« Il n’y a aucune preuve que [Pinto Moreira] ait commis un crime de corruption. C’est notre compréhension », a déclaré l’avocat Fernando Bandeira à Lusa, à la sortie du Tribunal d’Espinho, dans le district d’Aveiro, où se déroulent les plaidoiries finales du cas de corruption à la mairie locale impliquant deux anciens élus.
L’avocat a indiqué que le processus « reposait sur une interprétation des écoutes » qu’il considère ni adéquate ni correcte, ajoutant que la plupart d’entre elles sont des écoutes auxquelles son client n’a pas participé.
Devant le collectif de juges, l’avocat a affirmé que Francisco Pessegueiro, co-accusé dans le procès, n’a jamais remis d’argent à Pinto Moreira, ni celui-ci ne lui en a demandé, affirmant que l’accusation « est basée sur un mensonge ».
« Il n’existe aucune écoute montrant Pinto Moreira demandant de l’argent ou Francisco Pessegueiro en offrant, ni montrant Pinto Moreira disant qu’il va commettre un acte illégal », a-t-il déclaré.
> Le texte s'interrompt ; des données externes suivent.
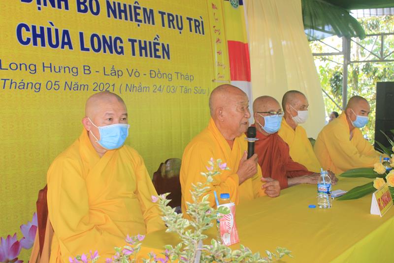 Đồng thời, Ngài mong rằng Đại đức luôn ý thức trọng trách của mình mà hộ trì Tam bảo tại chùa Long Thiền ngày thêm phát triển trong tinh thần hoà hợp, không ngừng rèn luyện để tăng trưởng được đạo hạnh hơn nữa, xứng đáng là sự kỳ vọng của lãnh đạo Giáo hội tỉnh nhà.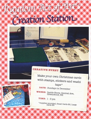 Drop in to the Inside Story to make your own Christmas Cards at the Random Act of Art Creation Station. Artist Jan Stride will be providing supplies and assistance. Appropriate for ages 3 to 90.

Fernando Bandeira a également attiré l’attention sur plusieurs contradictions dans l’accusation du ministère public, qui affirme que l’accusé « a reçu l’argent avant de l’avoir demandé ».
« Comment peut-on accorder du crédit à une accusation basée sur un mensonge », a-t-il questionné, affirmant que les écoutes « montrent bien le bluff permanent de Pessegueiro et l’erreur de l’accusation du ministère public ».
Il a également assuré que son client n’a pas interféré dans les processus de décision ni obtenu d’avantage pour l’entrepreneur Francisco Pessegueiro, rappelant que les techniciens de l’autarcie qui se sont prononcés sur les projets « n’ont jamais perdu l’autonomie de leur décision ».
L’avocat a encore critiqué l’enquête, considérant que le travail a été « mal réalisé et incomplet », et a déclaré que Pinto Moreira a vu sa vie publique ruinée par ce processus, qui lui a « laissé des marques personnelles, familiales et même professionnelles ».
Pinto Moreira est soupçonné d’avoir demandé à l’entrepreneur Francisco Pessegueiro 50 000 euros pour ses « démarches politiques » dans deux projets urbanistiques.
L’ex-élus, pour lequel le ministère public a requis une peine de cinq à neuf ans de prison, est accusé de deux crimes de corruption passive aggravée, d’un crime de trafic d’influences et d’un crime de violation des règles urbanistiques par fonctionnaire.
La session a été interrompue pour le déjeuner, se poursuivant l’après-midi avec les plaidoiries de l’avocat de l’ancien chef de la division des Travaux Particuliers et Licences de la mairie d’Espinho, José Costa.
Le procès Vórtex, qui a commencé à être jugé au Tribunal d’Espinho le 5 septembre 2024, est lié à des actes de corruption dans des projets immobiliers et des licences urbanistiques à la mairie d’Espinho, impliquant deux anciens élus.
L’opération a culminé le 10 janvier 2023 avec l’arrestation de l’alors président de la mairie, Miguel Reis, du chef de la Division de l’Urbanisme et de l’Environnement de cette autarcie, d’un architecte et de deux entrepreneurs pour des soupçons de corruption active et passive, de prévarication, d’abus de pouvoir et de trafic d’influences.
En juillet de la même année, le ministère public a déduit une accusation contre huit accusés et cinq entreprises, y compris l’alors député du PSD Pinto Moreira, qui était le prédécesseur de Miguel Reis à la mairie d’Espinho.